▶ [What you have to do]: In the entries that follow, repeat exactly the lines from the one that has "Edale Road, Birmingham B42 2DL" through the one that has "MCCLUNG/SYMMONDS HOUSE #56", but omit pictures.
Start of Records supplied
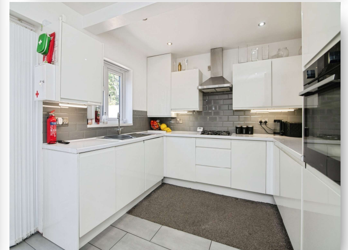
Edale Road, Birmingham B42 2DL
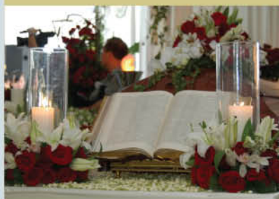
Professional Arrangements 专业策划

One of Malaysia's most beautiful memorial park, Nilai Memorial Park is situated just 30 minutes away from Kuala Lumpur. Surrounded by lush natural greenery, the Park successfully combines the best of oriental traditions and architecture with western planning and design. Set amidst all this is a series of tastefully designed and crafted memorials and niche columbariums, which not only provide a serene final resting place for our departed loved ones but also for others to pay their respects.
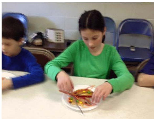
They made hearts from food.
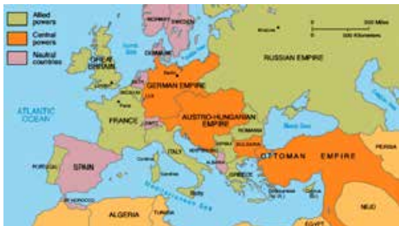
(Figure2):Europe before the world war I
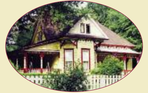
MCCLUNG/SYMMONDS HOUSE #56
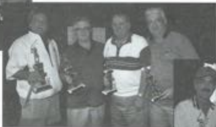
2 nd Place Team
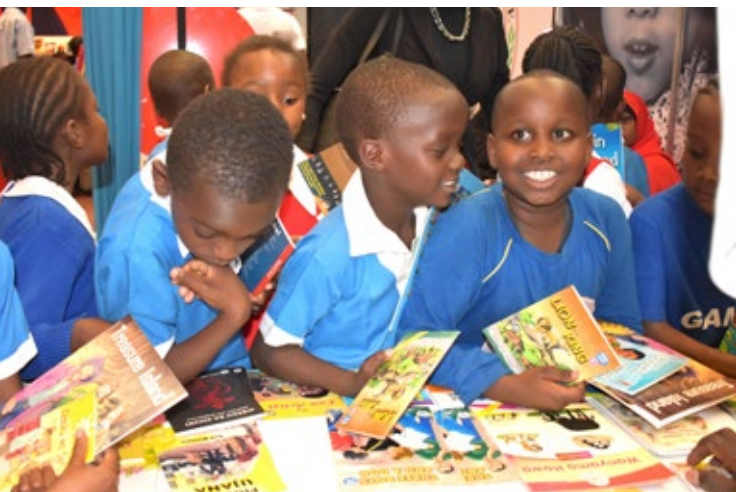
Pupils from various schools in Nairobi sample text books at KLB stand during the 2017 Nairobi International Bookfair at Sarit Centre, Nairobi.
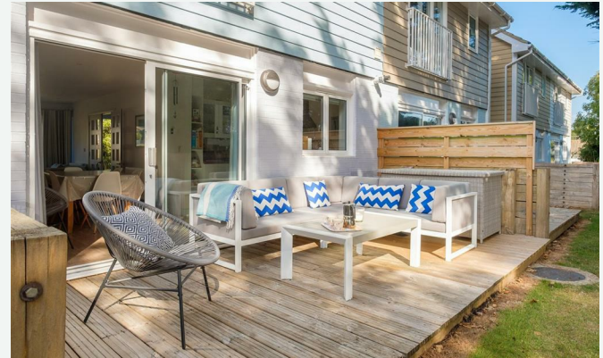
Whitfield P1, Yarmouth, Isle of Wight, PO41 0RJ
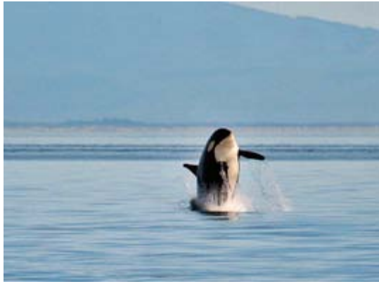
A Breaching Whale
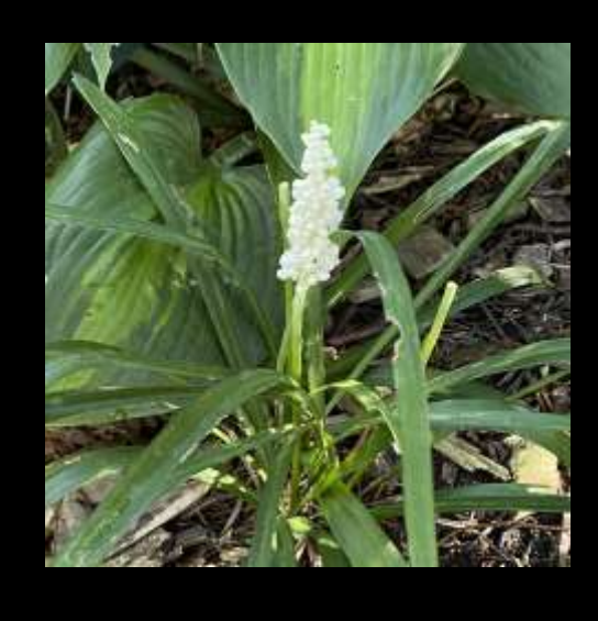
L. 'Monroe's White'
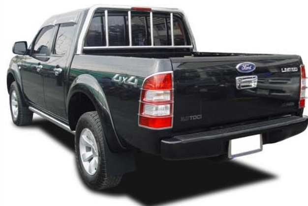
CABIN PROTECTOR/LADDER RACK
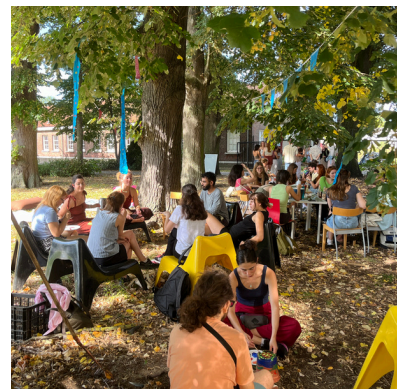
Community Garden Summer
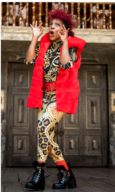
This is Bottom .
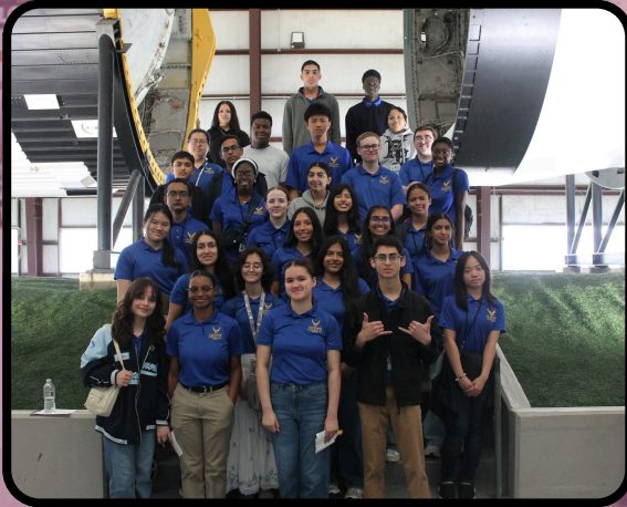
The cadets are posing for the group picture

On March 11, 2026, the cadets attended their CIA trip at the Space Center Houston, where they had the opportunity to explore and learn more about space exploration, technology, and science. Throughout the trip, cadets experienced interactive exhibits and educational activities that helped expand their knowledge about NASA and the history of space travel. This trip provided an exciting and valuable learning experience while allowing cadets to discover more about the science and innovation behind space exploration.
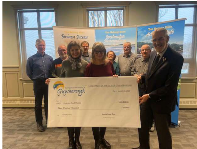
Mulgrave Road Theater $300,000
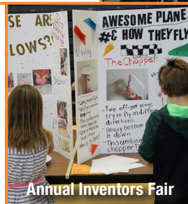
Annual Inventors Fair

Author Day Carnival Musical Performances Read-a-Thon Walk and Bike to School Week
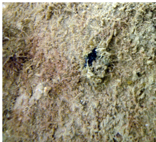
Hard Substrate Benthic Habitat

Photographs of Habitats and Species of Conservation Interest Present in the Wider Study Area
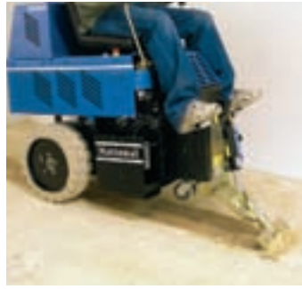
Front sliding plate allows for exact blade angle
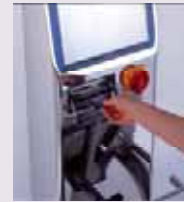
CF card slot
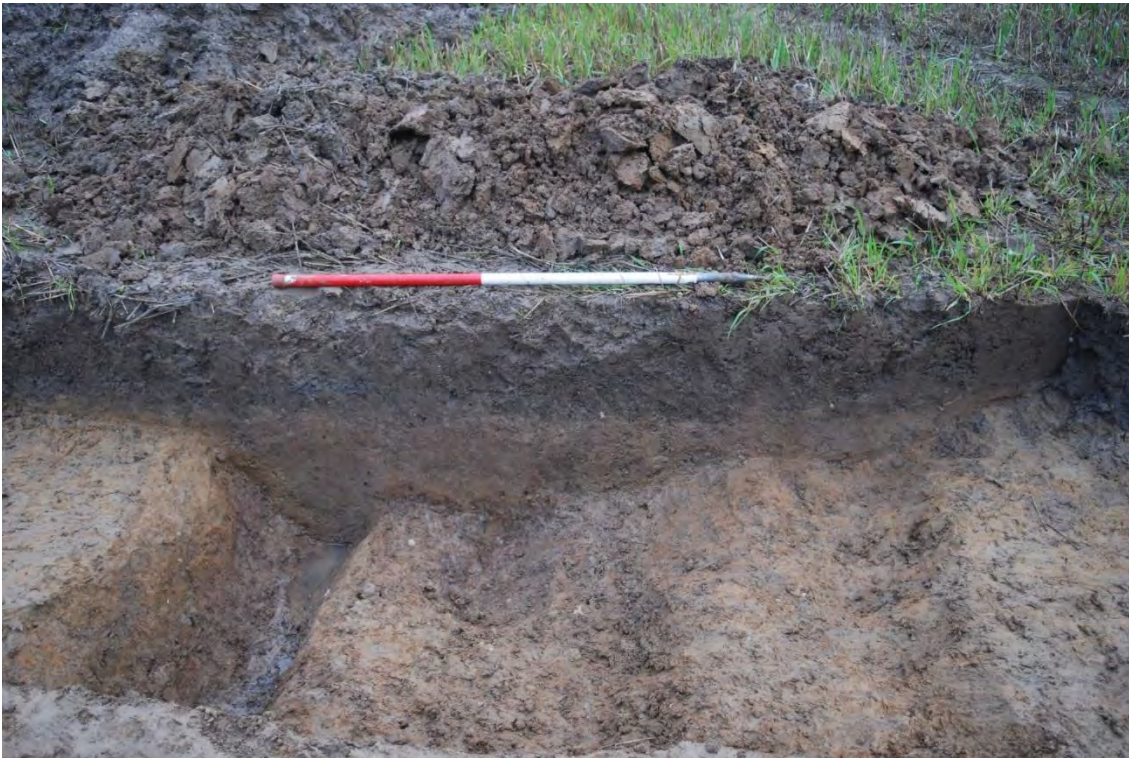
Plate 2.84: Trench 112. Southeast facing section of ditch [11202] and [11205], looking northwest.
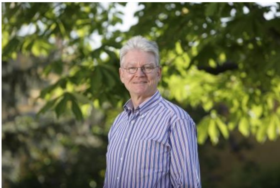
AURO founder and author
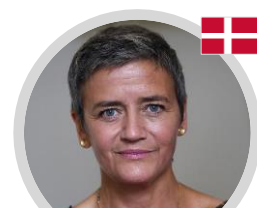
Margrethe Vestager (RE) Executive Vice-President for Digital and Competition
End of Records supplied
Start of Records supplied
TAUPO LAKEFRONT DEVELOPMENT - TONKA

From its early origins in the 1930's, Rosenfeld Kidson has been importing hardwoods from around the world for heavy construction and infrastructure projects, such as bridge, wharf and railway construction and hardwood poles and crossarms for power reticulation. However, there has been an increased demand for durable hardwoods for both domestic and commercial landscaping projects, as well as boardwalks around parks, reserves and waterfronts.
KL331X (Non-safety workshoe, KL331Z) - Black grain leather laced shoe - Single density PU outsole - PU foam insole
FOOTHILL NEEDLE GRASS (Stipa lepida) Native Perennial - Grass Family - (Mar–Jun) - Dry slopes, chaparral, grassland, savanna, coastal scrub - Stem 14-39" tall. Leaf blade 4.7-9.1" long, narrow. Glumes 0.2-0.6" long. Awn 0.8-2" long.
End of Records supplied
▶ [Output of the task]:
Edale Road, Birmingham B42 2DL
Professional Arrangements 专业策划

One of Malaysia's most beautiful memorial park, Nilai Memorial Park is situated just 30 minutes away from Kuala Lumpur. Surrounded by lush natural greenery, the Park successfully combines the best of oriental traditions and architecture with western planning and design. Set amidst all this is a series of tastefully designed and crafted memorials and niche columbariums, which not only provide a serene final resting place for our departed loved ones but also for others to pay their respects.
They made hearts from food.
(Figure2):Europe before the world war I
MCCLUNG/SYMMONDS HOUSE #56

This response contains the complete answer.